I wish it were recommended early in the onset of arthritis for more dogs, but a lot of vets don't seem to know about it and default to prescribing NSAIDs (my old vet did that too--I had to switch to a new vet to find one using Adequan successfully in arthritic patients). I'm very grateful to the people here who informed me about it--it helped my 11 year old go from a dog who moved slowly and gingerly when he wasn't on NSAIDs to one who doesn't need NSAIDs and is back to wanting to jog and play. 

As for supplements, I think they important even with Adequan therapy -- same with regular, gentle exercise (it's very, very important for dogs with arthritis). My vet believes the best results for arthritis are seen with a multipronged approach that works synergistically (exercise, supplements, Adequan...and if needed, very low doses of the safest pain meds). We'll be adding acupuncture into the mix in the coming weeks too, now that I've located a local practitioner who specializes in dogs.

This thread describes the supplements I'm using, and I got lots of great advice in that thread: 
http://www.germanshepherds.com/foru...-available-alternatives-work-your-senior.html

I've since added coconut oil to the list.

FWIW, I've come to believe that the Collagen II (chicken sternum) supplement (Twinlab MaxiLIFE® Collagen Type II -- 60 Capsules - Vitacost ), which is high in hyaluronic acid, is important. The bone broth recipe described in that old thread by Gatorbytes inspired me to use this supplement, and I think it's a helpful addition (though one rarely on the standard list for arthritic dogs).


----------



## I_LOVE_MY_MIKKO

The number one thing to help with arthritis is to make sure your dog is not a single pound overweight. Actually a pound or two underweight is even better. 110 pounds is huge for a GSD, especially a female. Is there any fat that you can take off of her?

Second, I agree that Adequan is amazing! To save money, I purchase it online and give the injections myself. 

Also, look into Microlactin, the active ingredient in Duralactin. It is a natural anti-inflammatory. I purchase straight microlactin online as it is much cheaper than the dog version, which is just flavored microlactin.


----------



## M&J

Zeel. It's homeopathic. Three tablets twice a day. I swear by it. I can tell when Rudy misses a dose.
He eats it right out of my hand.


----------



## bradbmtl

*Wow, thanks for all the input guys!*

Hi everyone. I'm so sorry for the delay in coming back on the site, we have been so busy, and I can't tell everyone how much I appreciate all the reply's so far. I will be researching each and every one of your opinions this weekend. Also, to asnwer one of the questions, I know 110lbs is big, but she has always been big.
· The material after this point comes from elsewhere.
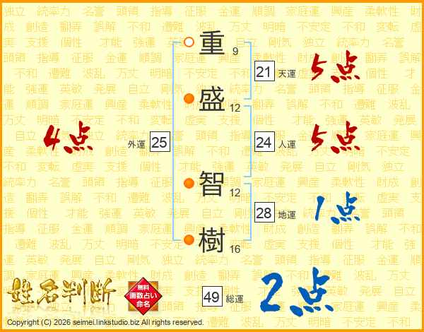 あなたの人生を表す1番重要な運勢です。生涯を通じて影響する総合運となり、主に50歳以降の晩年期に影響を及ぼします。苗字と名前の合計画数。
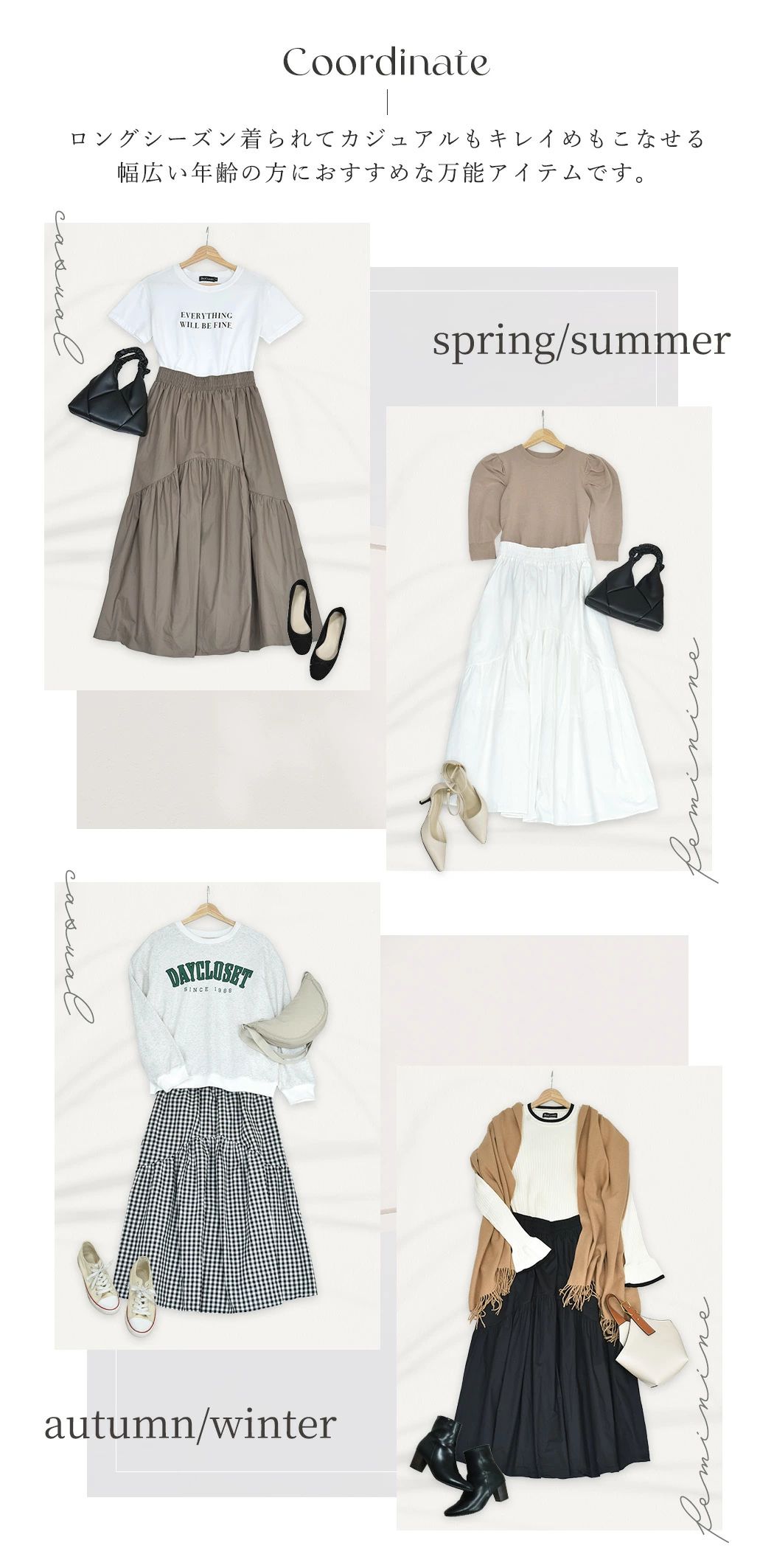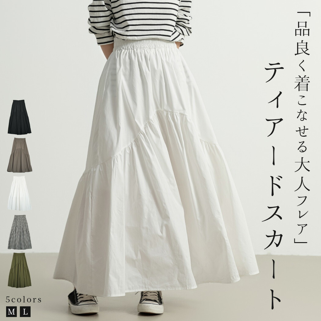 Aライ フレアスカート ロングスカート ボトムス スカート 人気 ブラック ダークグレー ホワイト ブラック×チェック カーキ M L

She is not fat , not at all, she is simply a BIG dog. We knew it even when she was a puppy, and the vet continues to congragulate us on keeping her weight down (from 2-6 she was around 118). She eats once a day (as she doesnt want to eat in the morning) , at supper, 2cups of Orijen 5 Fish mixed with a little wet Wellness Lamb 95%.

So, I stopped giving her the Ubavet (joint supplemnt from vet) as I didnt think it was helping too much (vet said some dogs dont take to it). and for the last 10 days I have been supplement (see list below) with quality SISU vitamin supplements. I would appreciate you guys' opinion on my dosing, should I raise any doses or add another supplement etc etc.. (again, I will be researching all of your opinions , but would love some input on my currect treatement). *Here is the list:*

*Glucosamine Sulfate - 1800mg/day*
*Chondroitin Sulfate- 800mg/day*
*MSM 1000mg/day*
*Ester-C 1200mg/day*
*Omega 3 (wild fish oil) 2000mg/day*
*Vitamin E 800mg/week (1X400mg twice weekly)*
*--------- ------------- ------------------ -----------------*
*Deramaxx 50mg/day (vet prescribed)*
Thank you all again for all the input. And promise to check back here daily.

Brad
p.s.: Money is not an issue, I don't care how much the supplements etc.. cost.


----------



## GatorBytes

ON this http://www.germanshepherds.com/foru...-available-alternatives-work-your-senior.html(Magwort's thread) some discussion on NEM (natural eggshell membrane) incl. a couple brands and links - also, my easy bone stock recipe and other possibilities for inflammation (multi-approach)

Also note about this, is the OP's thread starts about Deramaxx alternative - Ended up w/Alt suggestions to NSAIDS - read the thread, may help you!

Hoping you find a balance that works, but try to get off the deramaxx

Cheers


----------



## bradbmtl

Hi, I read the thread, alot of interesting reading. And the inital posting was from someone who apparently was already giving supplements. Regardless, I am a high believer, with high quality supplements , especially Ester-C , and fish oil, I have dramatically increased my 80 year old grandmothers quality of live (Chronic COPD sufferer) and I also hate medication. Even after reading, based on my current treatement, I am still having trouble finding ifo on theraputic dosing and when to give it. I split my amounts up into twice daily, perhaps its better to give them all at one time? Also, I am aware that especially fish oil should be doubled at least, I just wanted to make sure there was no stomach upset before. But also the rest of the supplements, some say to double the glucosamine for the first few weeks, I am fully willing, but again dont want to cause stomach upset... I am going to keep researching to find out what is the minimal dose of everything that I should be using.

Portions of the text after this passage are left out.